TO DO: Leaving out the pictures, retype the lines from the beginning of the listing through the line containing "習(xí)近平寫給父親習(xí)仲勛的一封拜壽信".

SUPPLIED DATA:

********************

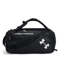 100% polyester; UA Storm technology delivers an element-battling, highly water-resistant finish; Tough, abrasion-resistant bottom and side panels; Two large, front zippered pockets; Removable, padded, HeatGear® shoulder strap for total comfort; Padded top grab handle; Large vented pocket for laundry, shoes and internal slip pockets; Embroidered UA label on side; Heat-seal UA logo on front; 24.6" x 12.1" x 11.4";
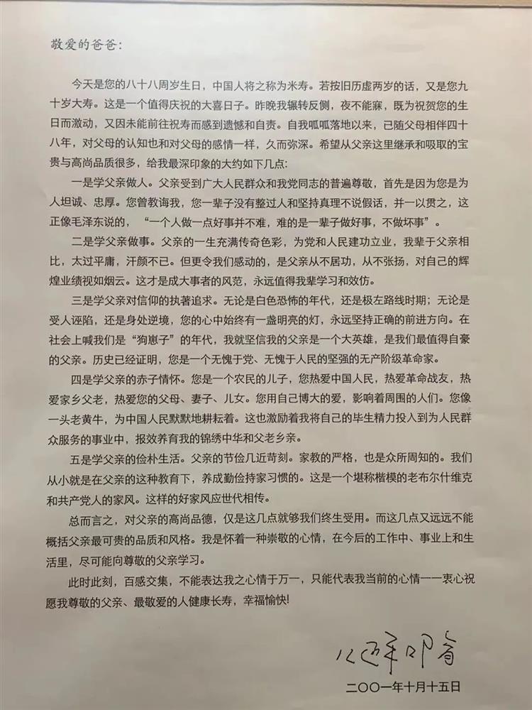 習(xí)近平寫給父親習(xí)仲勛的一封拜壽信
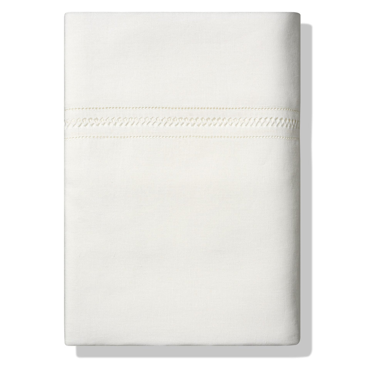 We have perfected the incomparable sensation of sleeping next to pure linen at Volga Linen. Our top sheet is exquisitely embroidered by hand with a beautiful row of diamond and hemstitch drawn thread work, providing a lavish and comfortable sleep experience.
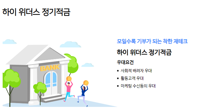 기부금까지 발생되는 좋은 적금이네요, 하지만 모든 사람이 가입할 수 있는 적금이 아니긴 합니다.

********************

ANSWER SECTION:
 100% polyester; UA Storm technology delivers an element-battling, highly water-resistant finish; Tough, abrasion-resistant bottom and side panels; Two large, front zippered pockets; Removable, padded, HeatGear® shoulder strap for total comfort; Padded top grab handle; Large vented pocket for laundry, shoes and internal slip pockets; Embroidered UA label on side; Heat-seal UA logo on front; 24.6" x 12.1" x 11.4";
 習(xí)近平寫給父親習(xí)仲勛的一封拜壽信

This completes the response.